Die Methode "Iterator interator()" ist in java.util.AbstractList implementiert und liefert 
eine Instanz von java.util.ListIterator. Wenn Du Dir die API dazu anschaust, dann wirst 
Du sehen, dass es dort keine Möglichkeit gibt, den Iterator zurück zu setzen.

Klartext: Einen neuen Iterator über arraylist.iterator() erstellen.


----------



## Guest (28. Nov 2004)

Ja aber ich hab auch etwas von reset() gelesen.

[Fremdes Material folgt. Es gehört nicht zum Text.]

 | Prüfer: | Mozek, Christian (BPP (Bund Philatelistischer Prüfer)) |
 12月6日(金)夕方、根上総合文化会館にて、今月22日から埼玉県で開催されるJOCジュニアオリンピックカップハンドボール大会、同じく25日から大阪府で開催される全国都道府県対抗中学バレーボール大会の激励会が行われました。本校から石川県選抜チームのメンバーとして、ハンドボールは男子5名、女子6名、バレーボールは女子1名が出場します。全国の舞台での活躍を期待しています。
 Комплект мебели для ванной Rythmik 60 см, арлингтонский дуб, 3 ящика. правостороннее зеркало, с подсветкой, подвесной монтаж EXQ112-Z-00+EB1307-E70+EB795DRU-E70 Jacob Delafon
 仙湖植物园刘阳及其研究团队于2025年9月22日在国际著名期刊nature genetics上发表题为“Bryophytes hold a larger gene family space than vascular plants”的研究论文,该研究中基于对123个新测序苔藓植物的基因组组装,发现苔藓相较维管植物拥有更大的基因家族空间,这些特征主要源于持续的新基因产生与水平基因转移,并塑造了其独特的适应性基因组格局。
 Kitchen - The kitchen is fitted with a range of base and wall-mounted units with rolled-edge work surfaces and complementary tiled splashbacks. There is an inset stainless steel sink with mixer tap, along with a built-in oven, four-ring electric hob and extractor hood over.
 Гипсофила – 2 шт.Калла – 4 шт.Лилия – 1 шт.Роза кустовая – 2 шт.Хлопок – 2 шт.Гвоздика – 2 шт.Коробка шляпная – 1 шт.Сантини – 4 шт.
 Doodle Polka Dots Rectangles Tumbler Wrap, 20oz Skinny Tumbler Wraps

Was hat es den damit auf sich ?


----------



## bygones (28. Nov 2004)

nein der Iterator an sich hat keinen methode sich selbst zu reseten... http://java.sun.com/j2se/1.5.0/docs/api/java/util/Iterator.html

du kannst natürlich einen eigenen Iterator schreiben der diese Möglichkeit bietet !


----------



## Sky (28. Nov 2004)

Wollte dazu mal sagen, dass es eigentlich nicht der Konzeption eines Iterators entspricht ihn wieder auf den Anfang zu setzen. 
Der Iterator ist dazu da, um *einmal sequenziell* über einen Datencontainer zu gehen und auf jedes Element von Anfang bis Ende einmal zu zeigen.

Die Frage ist also: Warum willst Du einen Iterator zurücksetzen!? Ist diese Anforderung nicht anders Programm-Technisch umsetzen?

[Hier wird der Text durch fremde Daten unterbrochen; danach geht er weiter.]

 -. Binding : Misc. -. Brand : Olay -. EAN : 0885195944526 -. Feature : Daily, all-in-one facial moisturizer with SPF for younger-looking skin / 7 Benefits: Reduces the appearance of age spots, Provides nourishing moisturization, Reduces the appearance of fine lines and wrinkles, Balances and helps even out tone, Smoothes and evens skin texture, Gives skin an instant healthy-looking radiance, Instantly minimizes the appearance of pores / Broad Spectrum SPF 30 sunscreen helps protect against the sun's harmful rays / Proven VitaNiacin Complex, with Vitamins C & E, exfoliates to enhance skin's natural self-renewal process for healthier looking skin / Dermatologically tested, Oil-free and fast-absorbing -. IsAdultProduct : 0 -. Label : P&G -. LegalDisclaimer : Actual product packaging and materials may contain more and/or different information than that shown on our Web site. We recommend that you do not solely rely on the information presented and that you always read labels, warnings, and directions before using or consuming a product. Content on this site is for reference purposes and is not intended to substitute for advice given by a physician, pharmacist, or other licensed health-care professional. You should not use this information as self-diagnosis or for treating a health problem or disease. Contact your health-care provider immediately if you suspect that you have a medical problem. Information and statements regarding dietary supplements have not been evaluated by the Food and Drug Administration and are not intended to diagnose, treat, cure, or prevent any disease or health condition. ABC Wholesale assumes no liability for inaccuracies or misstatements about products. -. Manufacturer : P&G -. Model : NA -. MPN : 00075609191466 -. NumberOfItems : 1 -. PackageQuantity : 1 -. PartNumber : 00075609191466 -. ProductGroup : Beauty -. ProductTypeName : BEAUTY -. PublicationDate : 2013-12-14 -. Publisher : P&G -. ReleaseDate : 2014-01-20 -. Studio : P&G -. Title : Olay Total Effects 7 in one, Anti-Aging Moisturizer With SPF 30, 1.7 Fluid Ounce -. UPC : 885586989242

Nichts desto trotz kannst Du natürlich trotzdem deinen eigenen Iterator schreiben, der das kann...


----------



## Bleiglanz (29. Nov 2004)

wenn du das brauchst, dann nimm eine LinkedList und ggf. den dazugehörigen

public ListIterator listIterator(int index)

- aber auch der lässt sich nicht zurücksetzen, zu kannst nur zurückgehen. Das Zurücksetzen geht i.A. nicht, wegen der unklaren reihenfolge bei manchen Collections und thread-zeugs wie üblich...


----------